With the growth of scRNA-seq data, deep learning (DL) is applicable to scRNA-seq data clustering. For example, Eraslan et al. [4] proposed a deep count auto-encoder network (DCA) to de-noise scRNA-seq data and then cluster the data with the features extracted by a multi-layer neural network. Lopez et al. [33] introduced the scVI method to derive probabilistic representations of scRNA-seq data from deep generative model of variational auto-encoder. DL-based scRNA-seq data clustering methods try to learn representations of scRNA-seq data through deep neural networks. In essence, they are owned by a kind of nonlinear feature transformation techniques.

Actually, most existing methods exploit the similarity between cells to do scRNA-seq data clustering, while similarity evaluation relies on the selection of genes. Consequently, how many and which genes are used for clustering is particularly important. Currently, there are mainly two types of gene-filtering strategies: (1) threshold-based approaches that select genes whose expression values satisfy a certain threshold, and (2) variation index-based approaches that measure the variation of gene expression values in different cells and then select genes with large variations.

For instance, SC3 uses a threshold-based approach to filter genes before clustering. Specifically, it removes genes/transcripts that are either expressed (expression value > 2) in less than X% of cells (rare genes/transcripts) or expressed (expression value > 0) in at least \((100-X)\)% of cells (ubiquitous genes/transcripts), where the default value of X is 6 [19]. Some additional methods like NMF-based clustering methods and RaceID also remove genes of low expressions [22, 31]. As for the second type, the GiniClust algorithm selects high Gini-index genes by fitting the relationship between the Gini index and max gene expression level with LOESS regression [26]. BackSPIN selects the top 5000 genes as informative features based on coefficient of variation (CV), defined as the standard deviation divided by the mean [32]. Generally, threshold-based approaches can be regarded as a kind of simplified denoising methods, while variation index-based methods select differentially expressed genes.

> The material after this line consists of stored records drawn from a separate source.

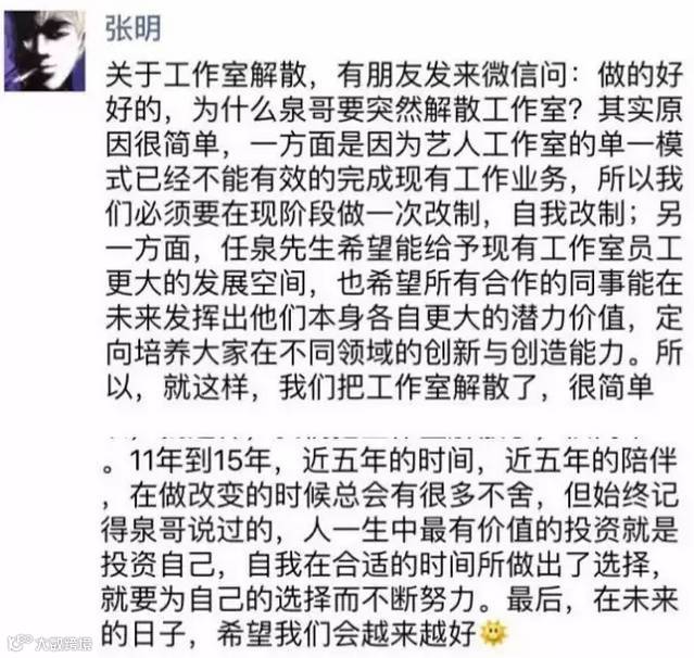 解散的时候,很多人都不解啊!!任泉工作室多能赚钱啊!怎么说解散就解散啊!!!后来工作室的总经理张明就发了朋友圈,说明为什么解散。其实简而言之就是:现在只是解散工作室,我们改头换面后就会回来
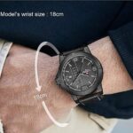 Sa svojim crnim kožnim kaišem i crnim brojčanikom, ovaj sat izgleda izuzetno sofisticirano i muževno. Njegov prečnik od 46mm čini ga dovoljno velikim da privuče pažnju, ali i dovoljno udobnim za nošenje tokom celog dana.
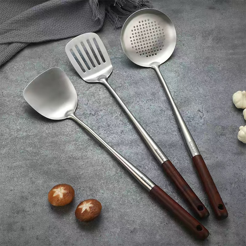 304不锈钢炒勺炒铲家用炒菜铲子汤勺子加长木柄厨具套装厨师锅铲
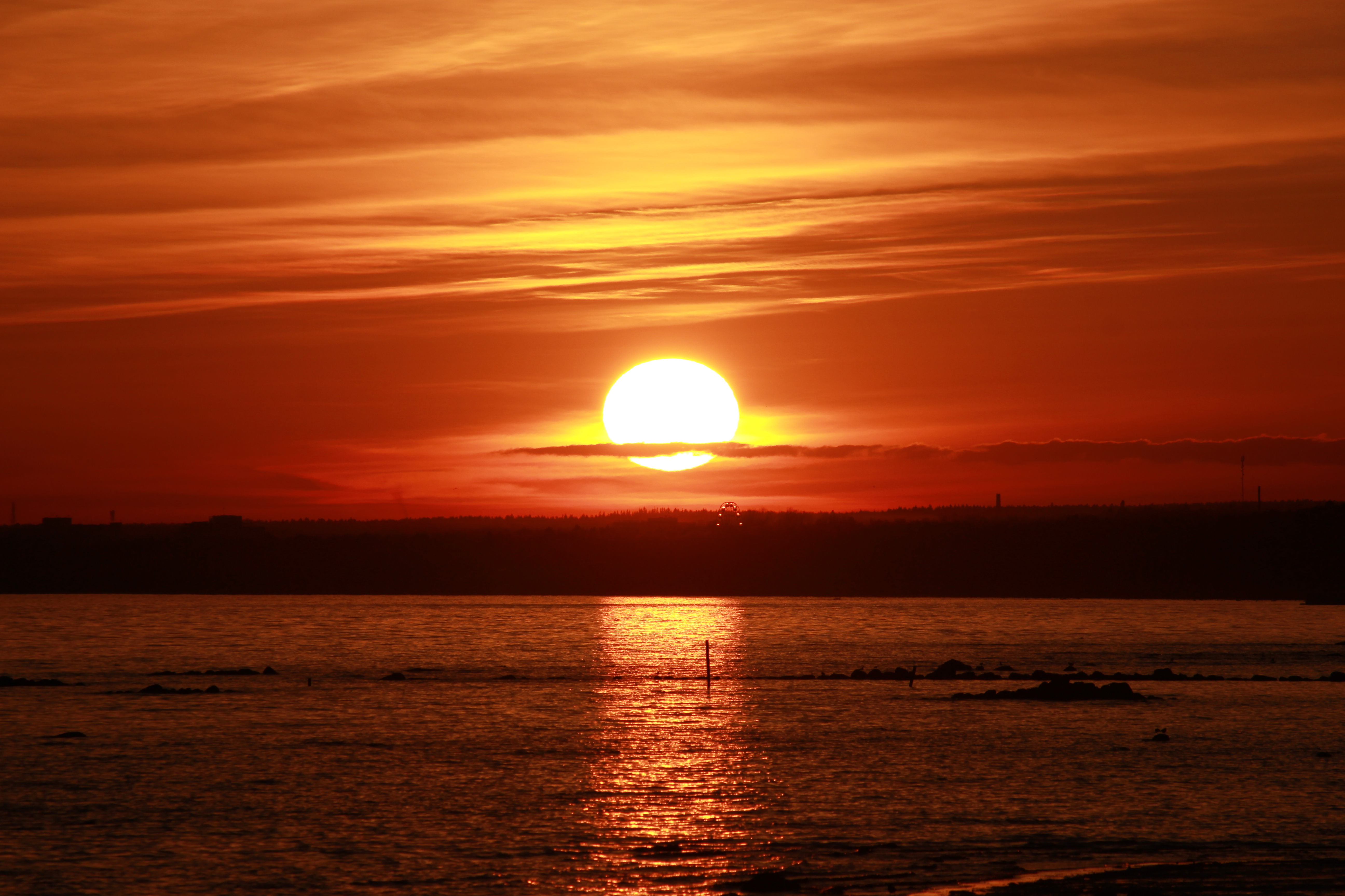 Вот и мой закат. Морально готовилась я к этому снимку долго, несколько дней. Хотела просто закат заснять, без всякого сюжета. Закат наблюдала минут 40, сделала немеренно фотографий (было одно красиво фото с чайкой в полете на переднем плане, но там линия горизонта скошена). Поэтому остановилась на этой. Почему? Наверное, она более удачна на фоне остальных. Однако, сама я не полностью довольна снимком, т.к. и штатива у меня нет (немного смазанное фото), и правило третей почему то здесь я не соблюла, и над солнцем какие-то желтые блики... Я даже согласна переделать фото, только знать бы, что учесть. Кстати, еще вопрос не менее важный: как обезопасить глаза, ведь приходится долго смотреть через объектив на солнце?

However, neither of them takes the goal of clustering into account.

In this paper, we propose a clustering-aware feature weighting method CaFew for scRNA-seq data clustering. First, by resolving the optimization problem of clustering, a weight matrix indicating the importance of features in different clusters is derived. Then, we select genes based on the weight matrix. Concretely, we select those genes with a relatively large weight in at least one cluster or a large weight variation across different clusters. Experiments over several benchmark datasets show that CaFew can effectively boost clustering performance. What is more, by combining CaFew with SC3 (denoted as “CaFew+SC3”), we achieve the state of the art performance. Finally, CaFew is also helpful for scRNA-seq data visualization.

Results

In this section, we evaluate CaFew in clustering scRNA-seq data. First, we introduce 8 publicly available scRNA-seq datasets and clustering evaluation metric. Then, we present the experimental results of CaFew on these datasets, including selected features, clustering accuracy and visualization.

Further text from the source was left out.